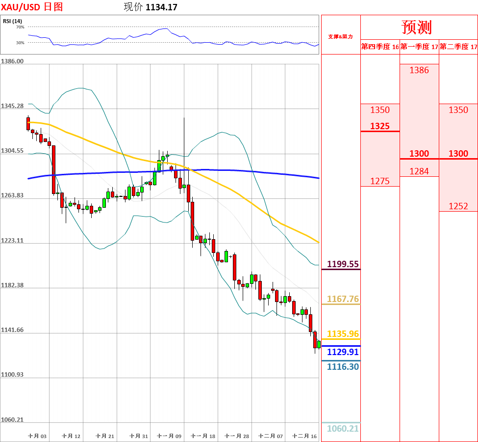 昨日,美元指数创14年新高,黄金一度向下突破1140和1130两大关口,收了带有上下影线的阴线。金价从今年高点1375已经回撤18%,离下跌20%技术性熊市仅一步之遥。目前,短中期均线呈空头排列,100日均线有下穿200日均线的迹象,走势总体震荡偏空。但是,鉴于日线、4小时动能指标超卖后拐头向上,因此不排除反弹的可能性。今日,上方关注1140阻力位,下方关注23.60%回撤率1123主要支撑位。如果向上突破1140,价格将有望突破5日均线;但如若跌破23.60%回撤率,黄金将试探1120关口。
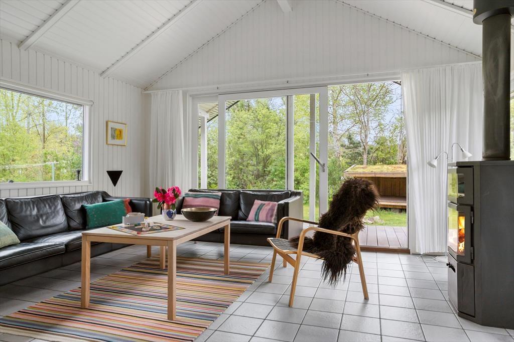 I sofahjørnet er der store vinduer, som giver masser af lys og kig ud på de grønne omgivelser. Fra stuen/alrummet er der endnu en havedør, så det er muligt at gå direkte ud på endnu en dejlig terrasse.
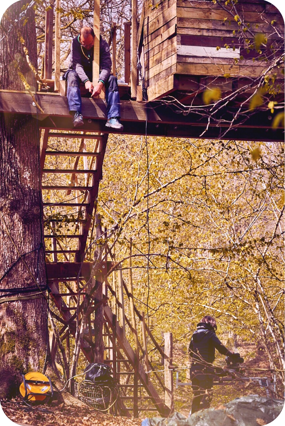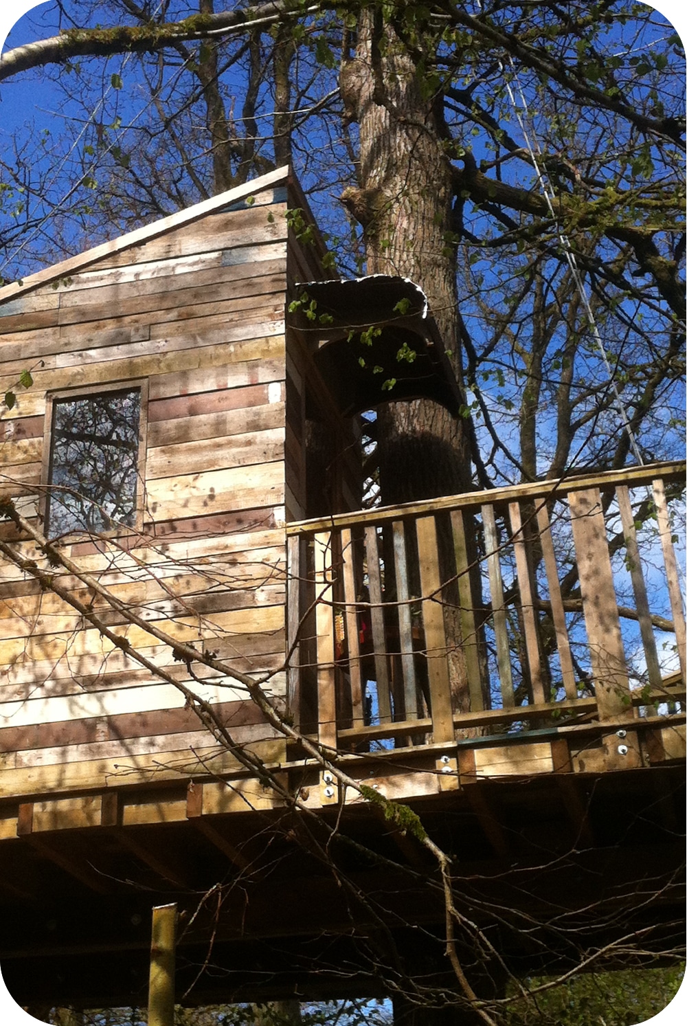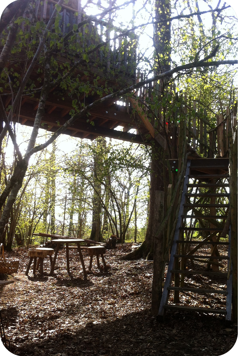 Deze boomhut werd speciaal gebouwd voor het festival Passion Robinson in het provinciaal domein van Chevetogne in Wallonië.

+--

From the material above, output every line exactly as written, dropping any picture.

 昨日,美元指数创14年新高,黄金一度向下突破1140和1130两大关口,收了带有上下影线的阴线。金价从今年高点1375已经回撤18%,离下跌20%技术性熊市仅一步之遥。目前,短中期均线呈空头排列,100日均线有下穿200日均线的迹象,走势总体震荡偏空。但是,鉴于日线、4小时动能指标超卖后拐头向上,因此不排除反弹的可能性。今日,上方关注1140阻力位,下方关注23.60%回撤率1123主要支撑位。如果向上突破1140,价格将有望突破5日均线;但如若跌破23.60%回撤率,黄金将试探1120关口。
 I sofahjørnet er der store vinduer, som giver masser af lys og kig ud på de grønne omgivelser. Fra stuen/alrummet er der endnu en havedør, så det er muligt at gå direkte ud på endnu en dejlig terrasse.
 Deze boomhut werd speciaal gebouwd voor het festival Passion Robinson in het provinciaal domein van Chevetogne in Wallonië.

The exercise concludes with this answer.